Ollama — Run LLMs Locally with One Command (2026 Guide)
Ollama is the most popular way to run large language models locally. A single CLI downloads, quantizes, and serves models with an OpenAI-compatible API — the easiest on-ramp to self-hosted AI in 2026.
Why Ollama
Ollama won on simplicity. ollama run llama3.2 downloads a quantized model, starts a local server, and drops you into a chat — all in one command. Under the hood it’s llama.cpp with polished model management, an OpenAI-compatible HTTP API, and first-class support on macOS, Linux, and Windows. The experience is noticeably smoother than rolling your own llama.cpp setup.
The bet worked. In 2026 Ollama is the default choice for "I want a local LLM on my laptop". Every popular dev tool (Cursor, Claude Code, Zed, Obsidian plugins, many VS Code extensions) supports Ollama as a provider out of the box because the HTTP API is identical to OpenAI’s.
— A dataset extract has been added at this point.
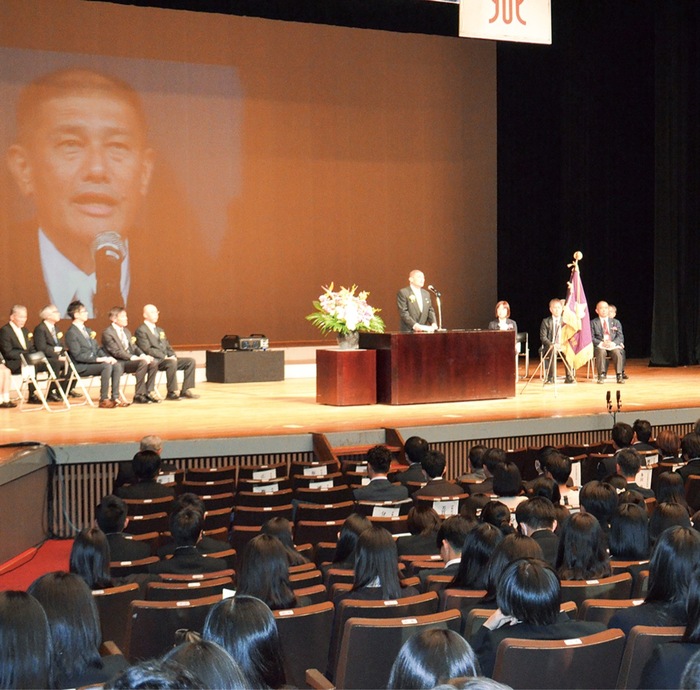 広瀬校長は、初代校長から人間教育に力を入れてきた同校の教育目標が、社会で活躍する多くの卒業生を輩出してきたことをアピール。卒業生でZARDの坂井泉水さんの功績に触れ、「世界中で多くの人が背中を押され、勇気をもらったのでは」と称えた。また在校生の新しい変化への柔軟な対応力やチャレンジ精神を称え、「これからの良い伝統を継承し、自分たちで新しい歴史を築いていってほしい。この中からだれかが50年後の100周年記念式典に参加し、今の思いを伝えてくれたら素敵なこと」と語った。

You install Ollama, pull a model, point your tool at http://localhost:11434, done.
Where Ollama is not the answer: serving many concurrent users (use vLLM), maximum Apple Silicon throughput (use MLX), or research tooling like LoRA training (use text-generation-webui). For personal and small-team inference, Ollama is almost always the right first pick.
Quick Start — Install, Pull, Use
ollama run will pull the model on first use and drop you into an interactive chat. ollama serve exposes the HTTP API (port 11434 by default). Every major Ollama-compatible client uses the /v1/chat/completions path under that base URL.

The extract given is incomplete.